Their setup is: given a field $k(x_1,\dots, x_n) = k(\mathbf{x})$ and a set of elements $\mathbf{g} = \{g_1, \dots, g_m\}\subset k(\mathbf{x})$, we can form the field $k(\mathbf{g})$ generated by the elements of $\mathbf{g}$ and then ask: given $f \in k(\mathbf{x})$, do we have $f \in k(\mathbf{g})$ and if so, how can we write $f$ in terms of the generators? The authors' aim is to answer this without resorting to using the lex ordering, which as mentioned above can be very slow.

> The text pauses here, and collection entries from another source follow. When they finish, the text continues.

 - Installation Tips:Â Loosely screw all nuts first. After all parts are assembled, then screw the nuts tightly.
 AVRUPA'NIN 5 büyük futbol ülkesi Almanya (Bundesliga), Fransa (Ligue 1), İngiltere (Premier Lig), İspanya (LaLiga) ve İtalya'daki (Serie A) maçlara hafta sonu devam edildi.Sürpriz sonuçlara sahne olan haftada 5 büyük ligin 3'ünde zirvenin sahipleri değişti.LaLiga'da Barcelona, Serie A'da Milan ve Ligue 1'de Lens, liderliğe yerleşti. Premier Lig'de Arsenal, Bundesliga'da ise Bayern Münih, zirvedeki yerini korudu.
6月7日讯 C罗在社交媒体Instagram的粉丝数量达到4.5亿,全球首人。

So let $g_i = n_i/d_i$, and introduce a new variable $T_i$ for each $g_i$. Collect together all of the prime divisors of each of the denominators $d_i$ into a set $\{p_1, \dots, p_r\}$ (eliminate any repeats) and introduce a new variable $Y_i$ for each $p_i$.

In the polynomial ring $k[Y_1, \dots, Y_r, x_1, \dots, x_n, T_1, \dots, T_m]$ define the ideal $I=\langle n_1-T_1d_1, \dots, n_m-T_md_m, Y_1p_1-1,\dots,Y_rp_r-1\rangle$ and compute a Groebner basis of $I$. The only restriction on ordering is that you should have $\textbf{Y} >> \textbf{x} >> \textbf{T}$, within each block they can be ordered however you like.

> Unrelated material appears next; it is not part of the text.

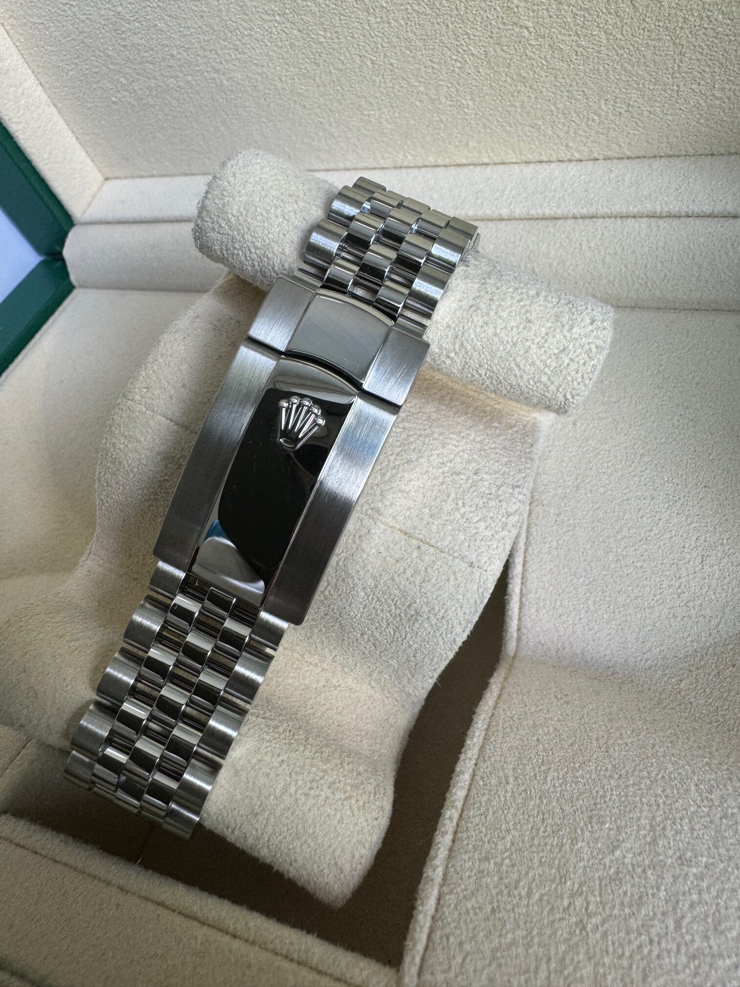 Hieno Rolex klassikko… kokoa on 41 mm, jubilee ranneke ja valkokultainen kehä. Rolex cal.3235- automaattikoneistolla on 70 tunnin käyntivara ja kello kestää 10 ATM (100m) paineen. Kellon koneisto on täyshuollettu takuuseen 7/2023 ja huoltotakuu on päällä 7/2025 asti.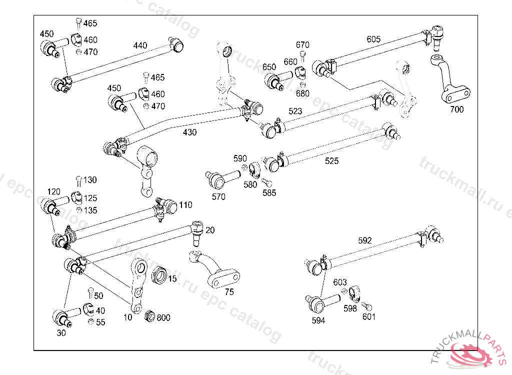 DRAG LINK FROM STEERING INTERMEDIATE BRACKET III TO FRONT AXLE II

Eliminate all terms involving any $Y_i$ from the Groebner basis; call the resulting set $G$. Let $H$ be the subset of $G$ involving terms only in the $T_i$: this may be empty. (This step seems to deal with syzygies between the generators, giving you the simplest result at the end and avoiding dividing by zero at any point.)

Let $S=\langle H \rangle$ and define $L = Q(k[\mathbf{T}]/S)$, so if $H$ was empty this is just $k(\mathbf{T})$. Let $\pi$ be the natural embedding $k[\mathbf{T}][\mathbf{x}] \hookrightarrow L[\mathbf{x}]$ and $G' := \pi(G)$.

If $f=n_f/d_f \in k(\mathbf{x})$ is the element of interest then introduce a new variable $A$ (so we're now in the ring $L[\mathbf{x},A]$) and reduce the polynomial $n_f-Ad_f$ to normal form wrt the Groebner basis $G'$: you should obtain an expression $N-AD$.

Optionally at this point, you can reduce $N$ and $D$ to their simplest form by reducing their numerators wrt $\pi(H)$; recall that $N,D \in L[\mathbf{x}]$ where $L$ is a localization of $k[\mathbf{T}]$ so they could be rational functions in the $T_i$.

If $D = 0$ then $f \not\in k(\mathbf{x})$. If $D \neq 0$ then solve $N-AD = 0$, i.e. $A=N/D$. If $N/D \not\in k(\mathbf{T})$ then $f \not\in k(\mathbf{g})$, otherwise $f=N(g_1, \dots, g_m)/D(g_1,\dots,g_m)$.


Whew! I hope that's fairly clear if you just want to apply the algorithm; if you want to understand why each step works, the paper I linked to in the question has all the technical details. I suspect it's essentially the same approach as David's answer, with a few tweaks to avoid necessarily using the lex ordering and to deal with relations between the set of generators.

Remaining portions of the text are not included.